▶ Action item: Your copy of the data below must be exact and must leave out all pictures.

(Supplied material)

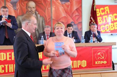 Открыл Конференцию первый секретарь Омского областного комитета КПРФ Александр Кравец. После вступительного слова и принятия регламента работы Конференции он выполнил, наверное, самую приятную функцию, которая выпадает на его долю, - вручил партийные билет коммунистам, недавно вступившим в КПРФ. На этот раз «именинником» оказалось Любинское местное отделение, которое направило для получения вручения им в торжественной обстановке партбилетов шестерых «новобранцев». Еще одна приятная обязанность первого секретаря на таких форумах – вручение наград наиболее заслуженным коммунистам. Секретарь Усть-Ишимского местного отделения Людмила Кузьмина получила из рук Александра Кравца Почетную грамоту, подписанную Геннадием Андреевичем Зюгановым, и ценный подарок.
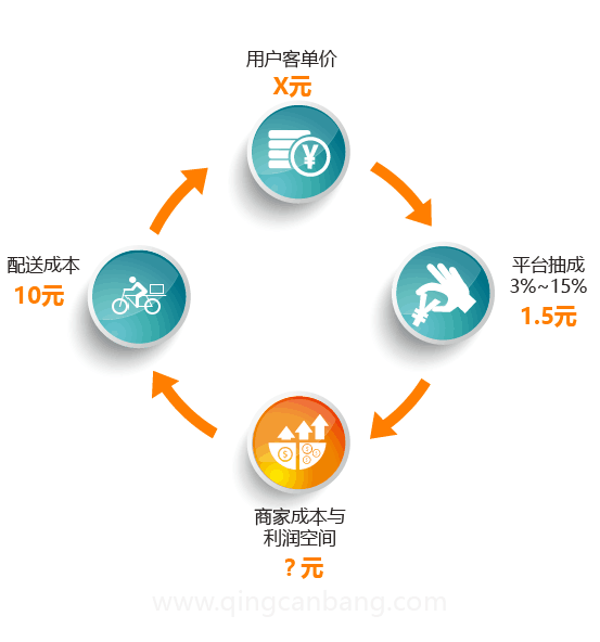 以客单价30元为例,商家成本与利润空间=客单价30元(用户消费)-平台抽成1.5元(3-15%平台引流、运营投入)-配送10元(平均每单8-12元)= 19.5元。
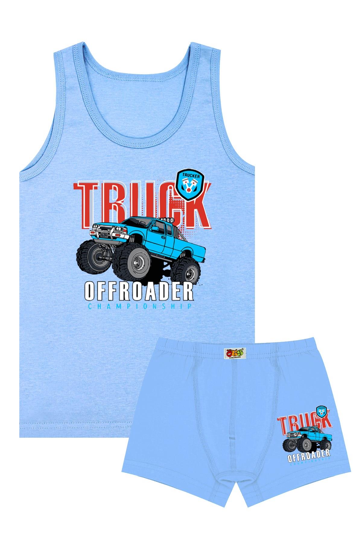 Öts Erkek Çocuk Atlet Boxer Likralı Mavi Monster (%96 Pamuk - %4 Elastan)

(End Supplied material)

▶ Solution:
 Открыл Конференцию первый секретарь Омского областного комитета КПРФ Александр Кравец. После вступительного слова и принятия регламента работы Конференции он выполнил, наверное, самую приятную функцию, которая выпадает на его долю, - вручил партийные билет коммунистам, недавно вступившим в КПРФ. На этот раз «именинником» оказалось Любинское местное отделение, которое направило для получения вручения им в торжественной обстановке партбилетов шестерых «новобранцев». Еще одна приятная обязанность первого секретаря на таких форумах – вручение наград наиболее заслуженным коммунистам. Секретарь Усть-Ишимского местного отделения Людмила Кузьмина получила из рук Александра Кравца Почетную грамоту, подписанную Геннадием Андреевичем Зюгановым, и ценный подарок.
 以客单价30元为例,商家成本与利润空间=客单价30元(用户消费)-平台抽成1.5元(3-15%平台引流、运营投入)-配送10元(平均每单8-12元)= 19.5元。
 Öts Erkek Çocuk Atlet Boxer Likralı Mavi Monster (%96 Pamuk - %4 Elastan)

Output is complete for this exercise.